◆ STORED DATA ◆

__________

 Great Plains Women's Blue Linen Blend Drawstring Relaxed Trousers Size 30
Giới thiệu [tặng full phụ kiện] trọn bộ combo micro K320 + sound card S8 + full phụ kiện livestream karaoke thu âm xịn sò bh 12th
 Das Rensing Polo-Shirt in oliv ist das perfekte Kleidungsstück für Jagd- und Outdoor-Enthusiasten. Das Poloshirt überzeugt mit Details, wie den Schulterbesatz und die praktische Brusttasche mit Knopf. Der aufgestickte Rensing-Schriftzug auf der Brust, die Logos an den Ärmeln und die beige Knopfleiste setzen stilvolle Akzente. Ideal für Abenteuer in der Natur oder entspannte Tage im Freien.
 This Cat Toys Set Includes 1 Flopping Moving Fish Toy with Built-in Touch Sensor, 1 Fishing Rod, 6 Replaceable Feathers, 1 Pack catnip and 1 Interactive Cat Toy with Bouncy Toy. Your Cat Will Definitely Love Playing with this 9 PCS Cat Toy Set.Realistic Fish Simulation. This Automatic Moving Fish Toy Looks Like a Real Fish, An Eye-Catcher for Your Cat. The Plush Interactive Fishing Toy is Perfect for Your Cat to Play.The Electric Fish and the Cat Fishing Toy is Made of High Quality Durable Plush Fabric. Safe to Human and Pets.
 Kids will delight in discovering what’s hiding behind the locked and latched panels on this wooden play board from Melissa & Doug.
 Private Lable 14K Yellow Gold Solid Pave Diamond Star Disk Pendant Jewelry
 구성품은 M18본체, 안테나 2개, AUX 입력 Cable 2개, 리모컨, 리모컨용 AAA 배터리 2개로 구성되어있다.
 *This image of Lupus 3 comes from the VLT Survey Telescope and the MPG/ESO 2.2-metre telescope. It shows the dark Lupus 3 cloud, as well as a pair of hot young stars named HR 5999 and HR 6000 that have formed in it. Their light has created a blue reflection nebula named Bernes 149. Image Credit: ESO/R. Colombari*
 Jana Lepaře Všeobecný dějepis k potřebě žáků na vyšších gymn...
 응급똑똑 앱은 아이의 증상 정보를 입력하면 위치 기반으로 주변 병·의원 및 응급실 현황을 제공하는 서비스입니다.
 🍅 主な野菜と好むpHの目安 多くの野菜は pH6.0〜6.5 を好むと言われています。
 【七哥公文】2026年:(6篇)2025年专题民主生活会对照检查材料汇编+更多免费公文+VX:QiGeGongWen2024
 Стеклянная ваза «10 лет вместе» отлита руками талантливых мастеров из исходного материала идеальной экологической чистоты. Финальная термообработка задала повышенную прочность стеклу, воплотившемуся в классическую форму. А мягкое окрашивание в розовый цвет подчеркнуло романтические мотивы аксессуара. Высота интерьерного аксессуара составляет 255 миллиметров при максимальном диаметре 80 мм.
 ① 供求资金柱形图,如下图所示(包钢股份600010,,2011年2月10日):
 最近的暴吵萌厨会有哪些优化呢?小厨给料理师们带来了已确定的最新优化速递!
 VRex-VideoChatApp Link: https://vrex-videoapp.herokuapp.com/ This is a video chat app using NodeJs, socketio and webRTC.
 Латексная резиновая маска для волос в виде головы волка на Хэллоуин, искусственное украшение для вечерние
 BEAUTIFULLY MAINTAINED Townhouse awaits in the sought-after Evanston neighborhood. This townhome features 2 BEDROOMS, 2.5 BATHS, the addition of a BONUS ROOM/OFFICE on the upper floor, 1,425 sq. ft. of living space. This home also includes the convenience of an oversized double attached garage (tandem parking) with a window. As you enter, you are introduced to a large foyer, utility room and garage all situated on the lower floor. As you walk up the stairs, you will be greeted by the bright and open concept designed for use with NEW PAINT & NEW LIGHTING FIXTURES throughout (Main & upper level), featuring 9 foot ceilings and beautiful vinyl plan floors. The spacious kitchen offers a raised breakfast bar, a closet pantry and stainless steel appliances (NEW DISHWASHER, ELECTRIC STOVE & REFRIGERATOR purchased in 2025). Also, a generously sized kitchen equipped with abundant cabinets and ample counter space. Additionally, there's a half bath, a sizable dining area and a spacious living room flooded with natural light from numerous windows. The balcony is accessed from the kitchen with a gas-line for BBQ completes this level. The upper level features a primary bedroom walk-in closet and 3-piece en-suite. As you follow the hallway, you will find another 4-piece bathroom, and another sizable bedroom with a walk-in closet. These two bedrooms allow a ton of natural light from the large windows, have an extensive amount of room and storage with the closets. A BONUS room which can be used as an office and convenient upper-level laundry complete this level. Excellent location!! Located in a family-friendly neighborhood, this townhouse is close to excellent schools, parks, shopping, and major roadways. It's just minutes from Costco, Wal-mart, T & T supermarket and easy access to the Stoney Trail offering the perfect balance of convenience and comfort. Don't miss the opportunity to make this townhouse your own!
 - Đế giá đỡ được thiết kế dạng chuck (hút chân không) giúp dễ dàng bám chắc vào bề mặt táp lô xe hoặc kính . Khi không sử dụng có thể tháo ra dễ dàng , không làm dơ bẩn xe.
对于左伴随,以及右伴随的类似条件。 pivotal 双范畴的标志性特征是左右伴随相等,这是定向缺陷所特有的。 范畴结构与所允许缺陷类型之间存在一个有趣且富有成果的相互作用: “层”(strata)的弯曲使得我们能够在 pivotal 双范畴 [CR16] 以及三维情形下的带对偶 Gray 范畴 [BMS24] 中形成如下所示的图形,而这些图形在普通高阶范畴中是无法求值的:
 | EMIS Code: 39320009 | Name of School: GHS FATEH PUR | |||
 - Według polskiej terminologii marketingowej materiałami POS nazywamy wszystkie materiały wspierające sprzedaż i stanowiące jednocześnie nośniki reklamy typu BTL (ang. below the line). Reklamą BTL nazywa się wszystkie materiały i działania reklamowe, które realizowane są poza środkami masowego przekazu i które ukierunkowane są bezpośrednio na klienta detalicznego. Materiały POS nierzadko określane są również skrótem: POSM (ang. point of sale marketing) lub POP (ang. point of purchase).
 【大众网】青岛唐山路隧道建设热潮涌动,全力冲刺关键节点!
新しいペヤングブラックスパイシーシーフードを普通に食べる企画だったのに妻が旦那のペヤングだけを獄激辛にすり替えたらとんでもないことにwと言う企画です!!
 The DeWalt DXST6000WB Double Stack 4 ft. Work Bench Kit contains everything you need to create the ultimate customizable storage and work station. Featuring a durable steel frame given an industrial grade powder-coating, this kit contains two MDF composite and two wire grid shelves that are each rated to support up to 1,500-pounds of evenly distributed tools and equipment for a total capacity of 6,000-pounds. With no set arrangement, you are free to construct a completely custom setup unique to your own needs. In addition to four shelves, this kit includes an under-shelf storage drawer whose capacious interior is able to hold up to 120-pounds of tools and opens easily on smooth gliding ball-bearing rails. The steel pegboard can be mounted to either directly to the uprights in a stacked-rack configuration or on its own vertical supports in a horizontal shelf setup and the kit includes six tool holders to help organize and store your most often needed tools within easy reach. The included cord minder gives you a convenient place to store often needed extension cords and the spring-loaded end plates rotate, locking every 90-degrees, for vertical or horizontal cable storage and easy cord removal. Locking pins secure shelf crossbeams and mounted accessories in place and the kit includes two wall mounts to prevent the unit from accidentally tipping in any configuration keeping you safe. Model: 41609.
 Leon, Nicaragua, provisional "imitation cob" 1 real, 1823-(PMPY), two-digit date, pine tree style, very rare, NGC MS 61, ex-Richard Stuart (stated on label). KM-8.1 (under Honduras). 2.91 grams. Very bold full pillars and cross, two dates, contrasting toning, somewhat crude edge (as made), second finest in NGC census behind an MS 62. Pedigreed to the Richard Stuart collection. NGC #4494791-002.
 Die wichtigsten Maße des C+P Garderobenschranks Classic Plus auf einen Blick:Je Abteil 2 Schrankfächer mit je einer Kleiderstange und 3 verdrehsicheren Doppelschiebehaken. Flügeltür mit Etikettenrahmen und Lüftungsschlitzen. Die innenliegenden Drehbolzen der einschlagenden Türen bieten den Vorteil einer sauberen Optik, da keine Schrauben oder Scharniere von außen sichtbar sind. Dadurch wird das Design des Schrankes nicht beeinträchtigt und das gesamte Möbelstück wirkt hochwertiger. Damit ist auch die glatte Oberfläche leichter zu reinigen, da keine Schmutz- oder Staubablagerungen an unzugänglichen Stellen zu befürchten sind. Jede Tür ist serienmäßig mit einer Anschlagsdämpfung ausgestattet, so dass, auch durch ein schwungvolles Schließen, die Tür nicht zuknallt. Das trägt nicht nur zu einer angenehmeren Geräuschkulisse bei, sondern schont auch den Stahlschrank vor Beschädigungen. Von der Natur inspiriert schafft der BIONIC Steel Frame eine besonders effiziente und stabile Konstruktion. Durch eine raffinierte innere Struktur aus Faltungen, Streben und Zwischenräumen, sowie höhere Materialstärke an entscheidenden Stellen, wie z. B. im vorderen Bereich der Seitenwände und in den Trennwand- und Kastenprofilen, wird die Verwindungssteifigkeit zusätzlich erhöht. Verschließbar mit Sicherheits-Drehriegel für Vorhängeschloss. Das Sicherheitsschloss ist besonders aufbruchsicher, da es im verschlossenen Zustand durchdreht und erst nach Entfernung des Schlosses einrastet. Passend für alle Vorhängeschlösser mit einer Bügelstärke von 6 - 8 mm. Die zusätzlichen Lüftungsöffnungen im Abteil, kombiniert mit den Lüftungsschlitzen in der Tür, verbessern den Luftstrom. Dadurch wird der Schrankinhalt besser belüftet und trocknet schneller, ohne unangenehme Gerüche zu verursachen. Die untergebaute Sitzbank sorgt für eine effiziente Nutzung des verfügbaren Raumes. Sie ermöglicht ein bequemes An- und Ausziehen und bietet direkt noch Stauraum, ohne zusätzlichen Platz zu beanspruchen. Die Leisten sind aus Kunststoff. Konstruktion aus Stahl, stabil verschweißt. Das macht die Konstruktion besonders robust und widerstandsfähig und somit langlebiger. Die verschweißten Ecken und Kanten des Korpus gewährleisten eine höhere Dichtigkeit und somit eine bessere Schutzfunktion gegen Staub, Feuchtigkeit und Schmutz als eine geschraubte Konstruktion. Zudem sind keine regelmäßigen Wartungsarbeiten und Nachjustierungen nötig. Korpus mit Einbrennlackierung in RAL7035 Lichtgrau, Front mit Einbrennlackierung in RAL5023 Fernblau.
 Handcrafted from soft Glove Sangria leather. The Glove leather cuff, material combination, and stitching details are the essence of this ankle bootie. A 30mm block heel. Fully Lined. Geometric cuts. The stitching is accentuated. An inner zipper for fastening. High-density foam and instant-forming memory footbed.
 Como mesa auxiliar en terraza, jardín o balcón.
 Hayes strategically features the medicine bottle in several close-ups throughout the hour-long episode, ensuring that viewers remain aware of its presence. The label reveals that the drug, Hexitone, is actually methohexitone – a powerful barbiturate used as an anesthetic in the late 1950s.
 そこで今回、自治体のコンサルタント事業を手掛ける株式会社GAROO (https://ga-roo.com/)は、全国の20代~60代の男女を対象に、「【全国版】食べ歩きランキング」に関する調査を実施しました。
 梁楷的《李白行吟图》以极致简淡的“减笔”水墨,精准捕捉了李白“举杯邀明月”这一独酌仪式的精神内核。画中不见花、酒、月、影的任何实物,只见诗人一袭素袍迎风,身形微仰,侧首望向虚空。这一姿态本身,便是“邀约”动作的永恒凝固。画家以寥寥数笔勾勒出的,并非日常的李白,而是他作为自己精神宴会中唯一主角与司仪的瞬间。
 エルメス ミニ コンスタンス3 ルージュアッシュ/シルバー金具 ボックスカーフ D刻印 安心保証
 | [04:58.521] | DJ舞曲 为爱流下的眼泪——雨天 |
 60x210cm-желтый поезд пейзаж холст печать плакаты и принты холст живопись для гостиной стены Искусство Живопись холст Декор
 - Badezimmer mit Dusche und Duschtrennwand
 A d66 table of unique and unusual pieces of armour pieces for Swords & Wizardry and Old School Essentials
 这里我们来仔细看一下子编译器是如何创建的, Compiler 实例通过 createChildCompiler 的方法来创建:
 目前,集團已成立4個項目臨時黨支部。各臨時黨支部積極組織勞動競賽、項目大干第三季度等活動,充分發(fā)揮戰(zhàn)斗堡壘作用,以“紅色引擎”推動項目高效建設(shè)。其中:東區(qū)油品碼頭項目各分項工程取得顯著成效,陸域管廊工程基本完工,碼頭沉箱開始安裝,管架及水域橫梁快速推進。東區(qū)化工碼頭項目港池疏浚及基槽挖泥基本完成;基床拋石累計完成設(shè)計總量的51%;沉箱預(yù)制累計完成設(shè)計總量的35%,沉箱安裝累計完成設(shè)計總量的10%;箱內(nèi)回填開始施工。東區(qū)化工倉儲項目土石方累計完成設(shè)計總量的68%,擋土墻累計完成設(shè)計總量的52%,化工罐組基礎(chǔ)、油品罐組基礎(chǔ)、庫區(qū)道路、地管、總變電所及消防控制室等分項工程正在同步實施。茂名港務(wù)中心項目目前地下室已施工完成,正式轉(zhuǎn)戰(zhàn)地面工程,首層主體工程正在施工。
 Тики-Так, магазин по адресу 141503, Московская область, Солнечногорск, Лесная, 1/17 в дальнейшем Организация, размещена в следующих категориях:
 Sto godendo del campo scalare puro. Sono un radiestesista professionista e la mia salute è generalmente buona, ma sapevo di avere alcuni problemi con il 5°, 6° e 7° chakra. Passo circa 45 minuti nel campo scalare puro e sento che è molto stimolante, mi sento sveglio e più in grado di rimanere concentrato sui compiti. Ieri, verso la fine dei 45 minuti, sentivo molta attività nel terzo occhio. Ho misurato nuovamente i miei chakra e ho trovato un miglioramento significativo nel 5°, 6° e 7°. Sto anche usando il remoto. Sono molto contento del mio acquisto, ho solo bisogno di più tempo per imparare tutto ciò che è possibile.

__________

If a line comes after the one containing "Giới thiệu [tặng", leave it out; set down every line of the data before it, and that line itself, exactly.

 Great Plains Women's Blue Linen Blend Drawstring Relaxed Trousers Size 30
Giới thiệu [tặng full phụ kiện] trọn bộ combo micro K320 + sound card S8 + full phụ kiện livestream karaoke thu âm xịn sò bh 12th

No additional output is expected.